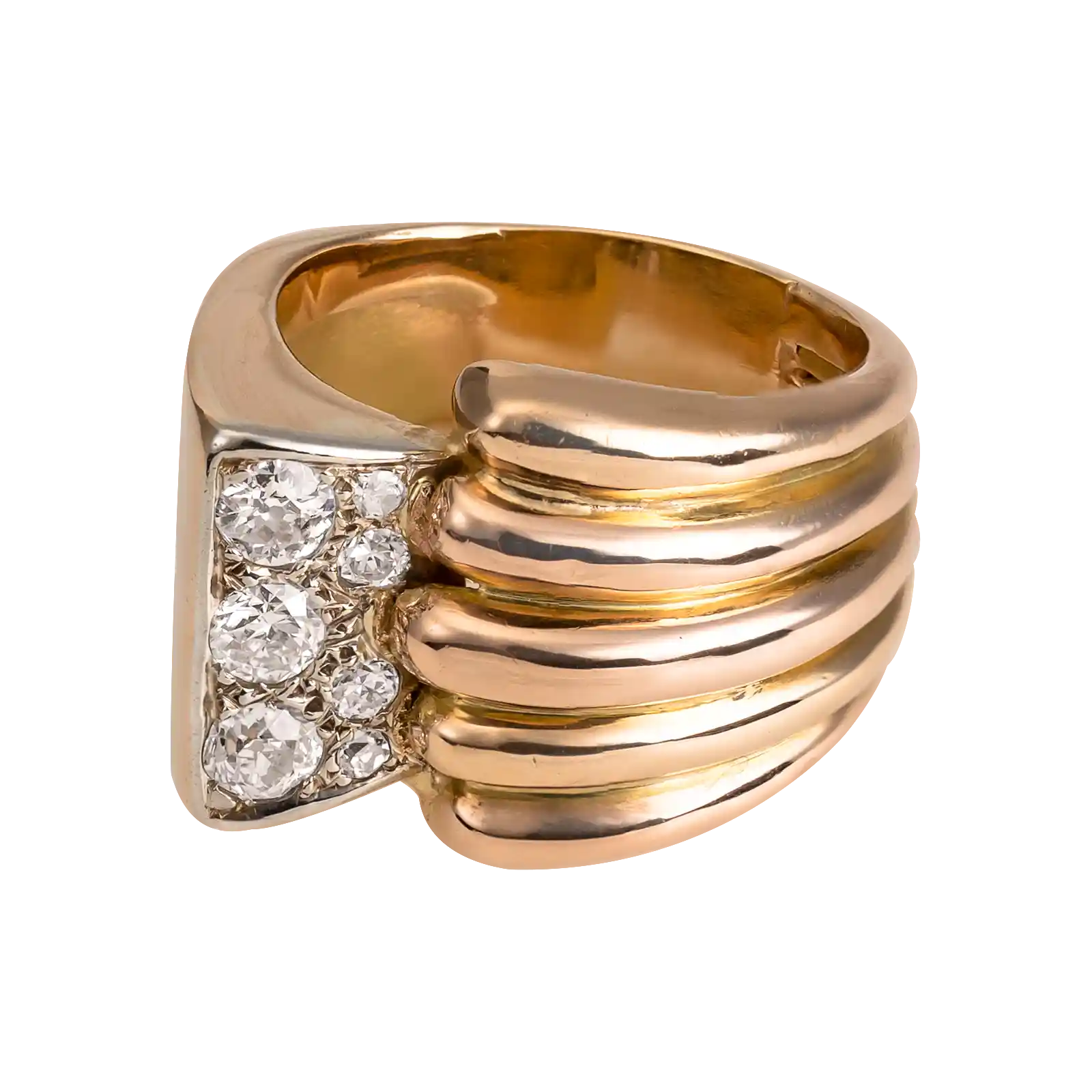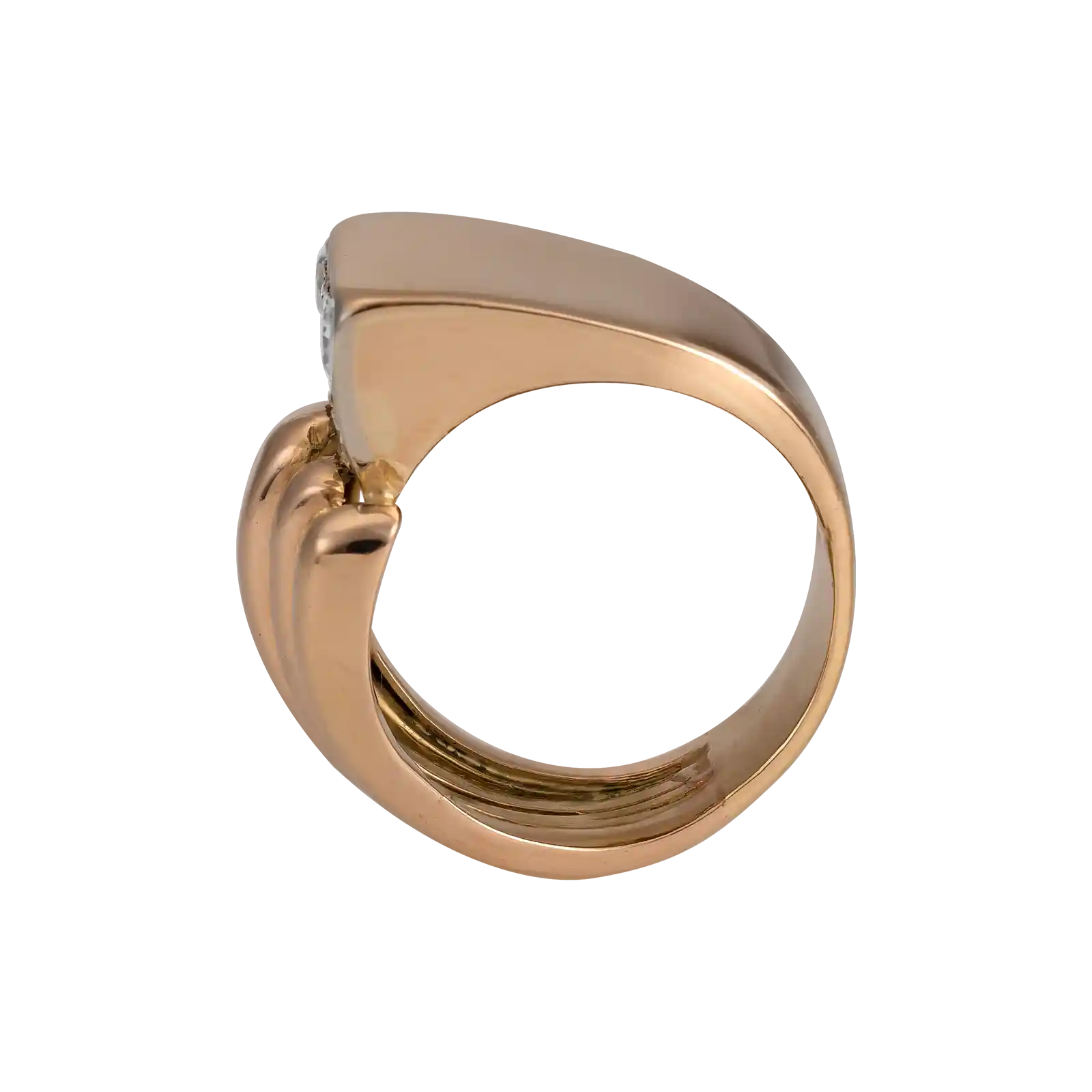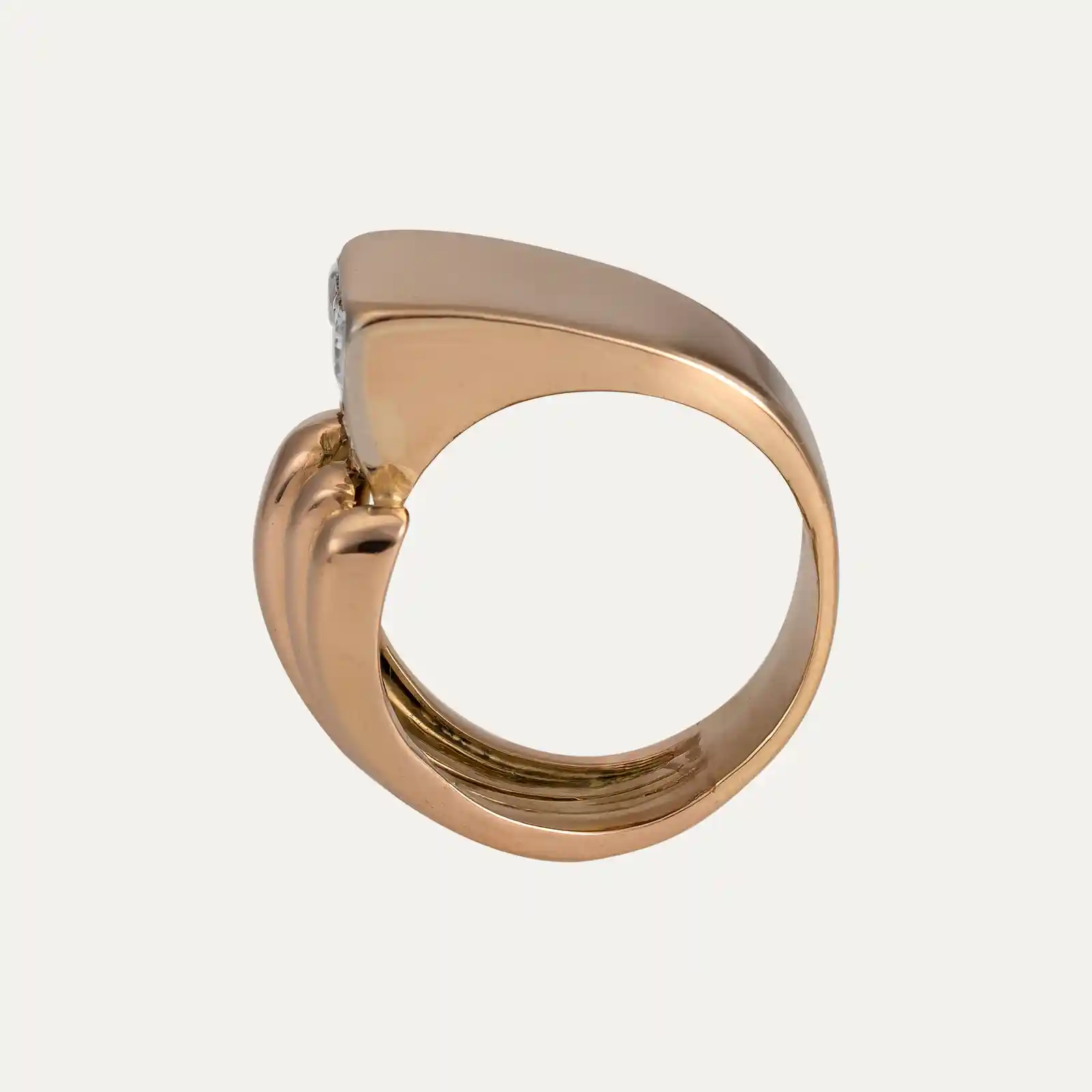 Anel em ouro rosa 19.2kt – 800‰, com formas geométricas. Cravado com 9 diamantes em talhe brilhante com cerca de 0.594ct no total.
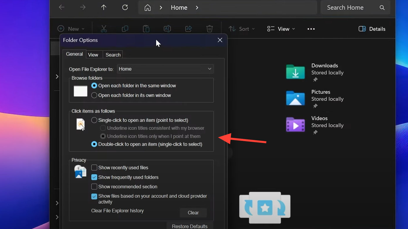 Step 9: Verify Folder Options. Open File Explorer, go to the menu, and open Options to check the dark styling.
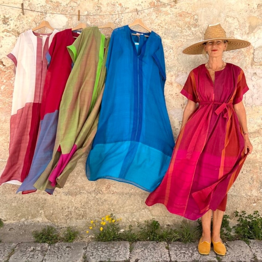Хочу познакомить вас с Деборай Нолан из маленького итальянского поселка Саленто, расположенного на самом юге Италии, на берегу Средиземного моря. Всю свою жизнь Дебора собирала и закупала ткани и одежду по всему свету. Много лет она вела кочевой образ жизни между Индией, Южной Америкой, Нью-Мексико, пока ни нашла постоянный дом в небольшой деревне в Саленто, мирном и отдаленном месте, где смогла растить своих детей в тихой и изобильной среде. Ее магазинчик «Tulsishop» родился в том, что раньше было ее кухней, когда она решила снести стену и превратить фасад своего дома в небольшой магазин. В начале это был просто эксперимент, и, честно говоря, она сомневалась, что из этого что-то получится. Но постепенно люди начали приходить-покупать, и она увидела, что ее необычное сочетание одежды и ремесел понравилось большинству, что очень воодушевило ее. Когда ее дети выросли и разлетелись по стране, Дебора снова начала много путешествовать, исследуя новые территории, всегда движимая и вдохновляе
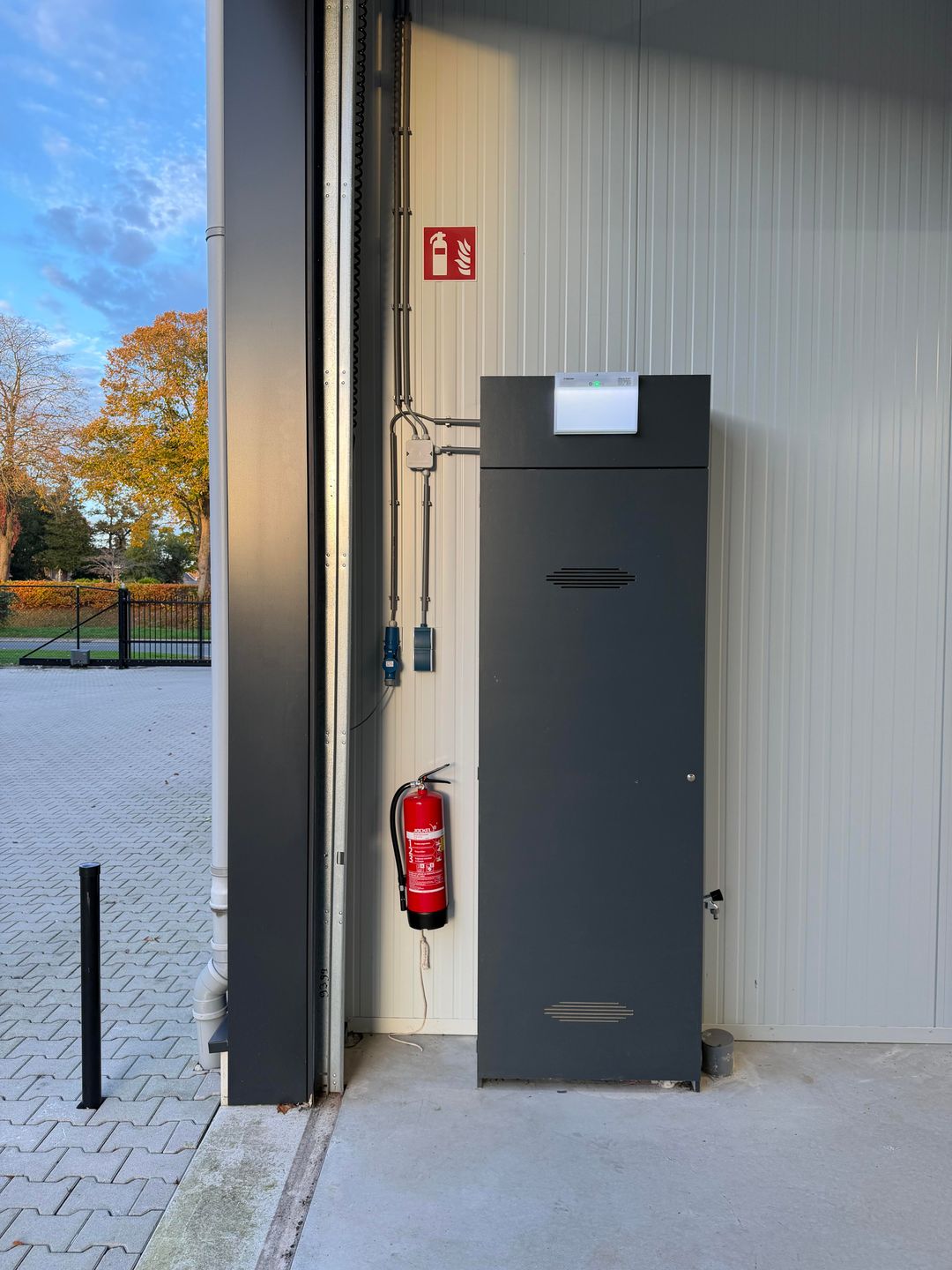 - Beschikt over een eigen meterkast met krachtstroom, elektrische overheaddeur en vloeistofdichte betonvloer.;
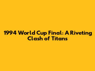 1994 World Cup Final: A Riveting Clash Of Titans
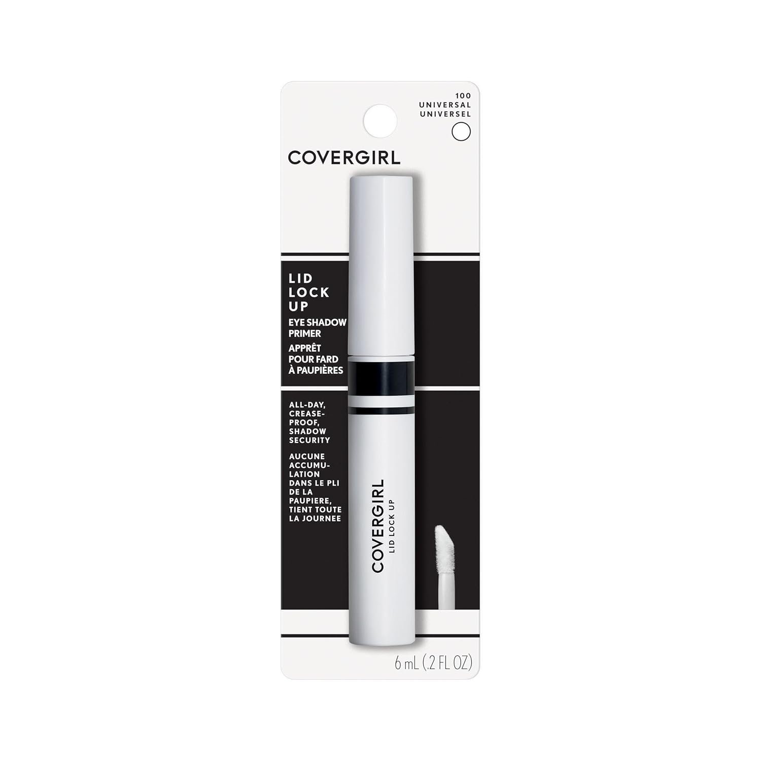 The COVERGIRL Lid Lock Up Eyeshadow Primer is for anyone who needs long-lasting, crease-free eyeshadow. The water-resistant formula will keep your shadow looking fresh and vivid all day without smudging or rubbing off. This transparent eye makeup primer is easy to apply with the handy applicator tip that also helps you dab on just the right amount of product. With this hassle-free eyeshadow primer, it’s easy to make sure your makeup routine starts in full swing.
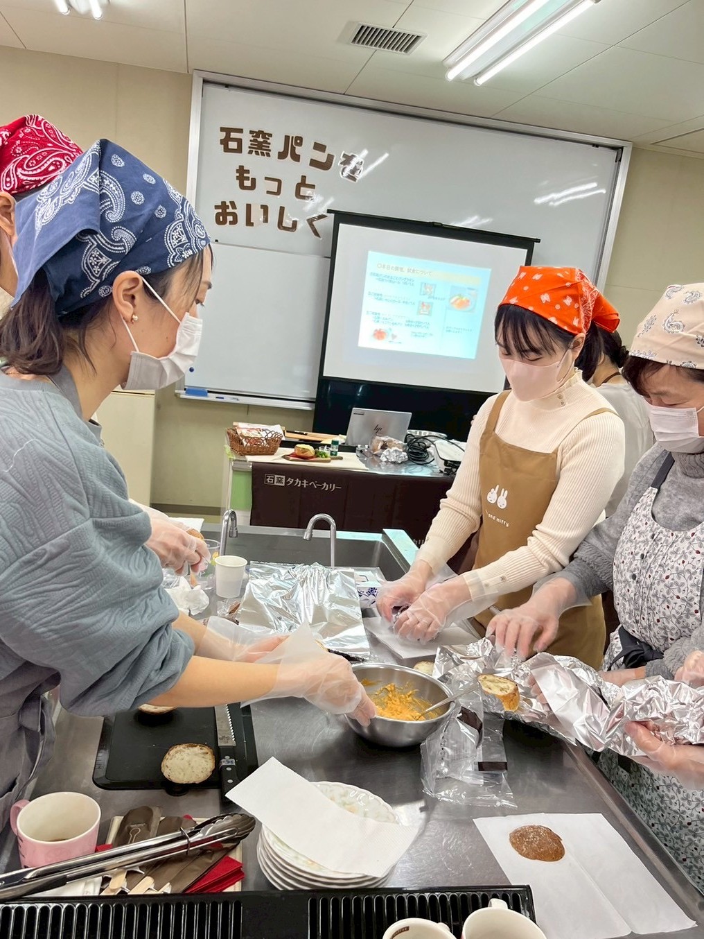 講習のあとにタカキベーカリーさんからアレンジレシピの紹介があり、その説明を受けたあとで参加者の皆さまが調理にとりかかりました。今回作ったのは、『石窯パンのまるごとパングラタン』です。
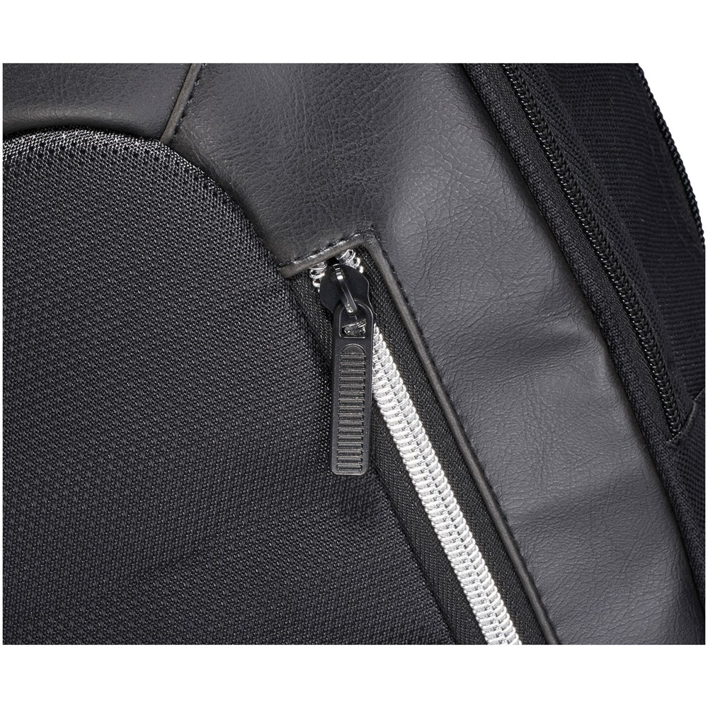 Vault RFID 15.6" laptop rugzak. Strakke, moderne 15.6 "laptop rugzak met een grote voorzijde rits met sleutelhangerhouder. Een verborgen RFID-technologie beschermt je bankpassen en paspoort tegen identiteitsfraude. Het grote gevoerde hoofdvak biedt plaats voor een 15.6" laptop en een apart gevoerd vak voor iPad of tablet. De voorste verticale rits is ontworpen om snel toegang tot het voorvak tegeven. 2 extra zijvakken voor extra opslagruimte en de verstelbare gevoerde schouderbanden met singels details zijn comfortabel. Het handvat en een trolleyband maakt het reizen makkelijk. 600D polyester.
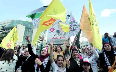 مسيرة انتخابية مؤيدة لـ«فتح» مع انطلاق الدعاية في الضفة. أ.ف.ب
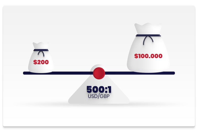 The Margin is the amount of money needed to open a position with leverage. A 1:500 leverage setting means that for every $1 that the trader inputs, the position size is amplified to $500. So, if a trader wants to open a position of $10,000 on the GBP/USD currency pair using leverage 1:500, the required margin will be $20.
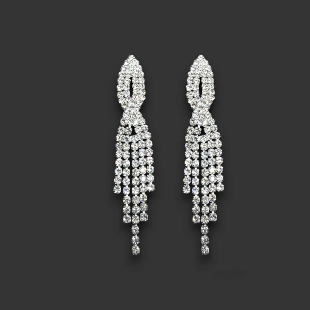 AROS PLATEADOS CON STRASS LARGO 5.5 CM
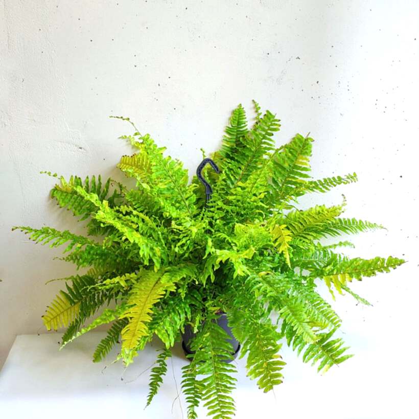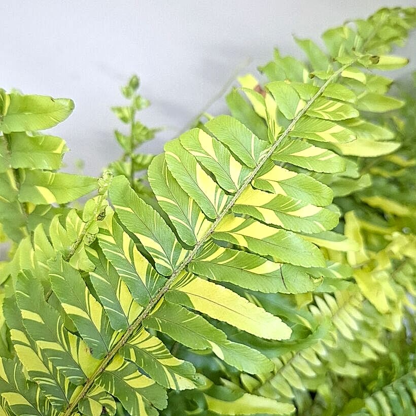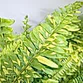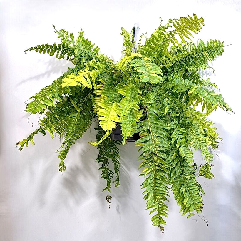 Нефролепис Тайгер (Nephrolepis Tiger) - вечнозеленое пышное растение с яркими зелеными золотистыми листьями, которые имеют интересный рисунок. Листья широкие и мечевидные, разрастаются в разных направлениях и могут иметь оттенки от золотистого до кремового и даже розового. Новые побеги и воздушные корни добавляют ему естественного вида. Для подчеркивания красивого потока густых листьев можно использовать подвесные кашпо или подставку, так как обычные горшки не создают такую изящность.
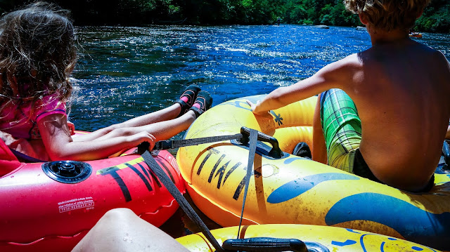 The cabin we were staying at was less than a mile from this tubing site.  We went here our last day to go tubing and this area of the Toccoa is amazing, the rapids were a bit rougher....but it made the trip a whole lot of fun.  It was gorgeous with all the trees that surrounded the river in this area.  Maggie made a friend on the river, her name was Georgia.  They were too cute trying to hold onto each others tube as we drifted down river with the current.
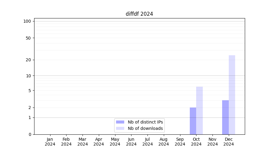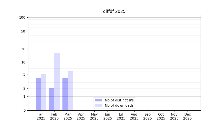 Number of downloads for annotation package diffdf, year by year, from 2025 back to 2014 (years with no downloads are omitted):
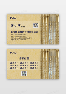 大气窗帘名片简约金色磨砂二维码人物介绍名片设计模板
|---|
» **Your goal**: Reproduce only the lines from the first line of the listing above up to and including the line that holds "Step 9: Verify". Omit the pictures.

» **Answer box**:
 Anel em ouro rosa 19.2kt – 800‰, com formas geométricas. Cravado com 9 diamantes em talhe brilhante com cerca de 0.594ct no total.
 Step 9: Verify Folder Options. Open File Explorer, go to the menu, and open Options to check the dark styling.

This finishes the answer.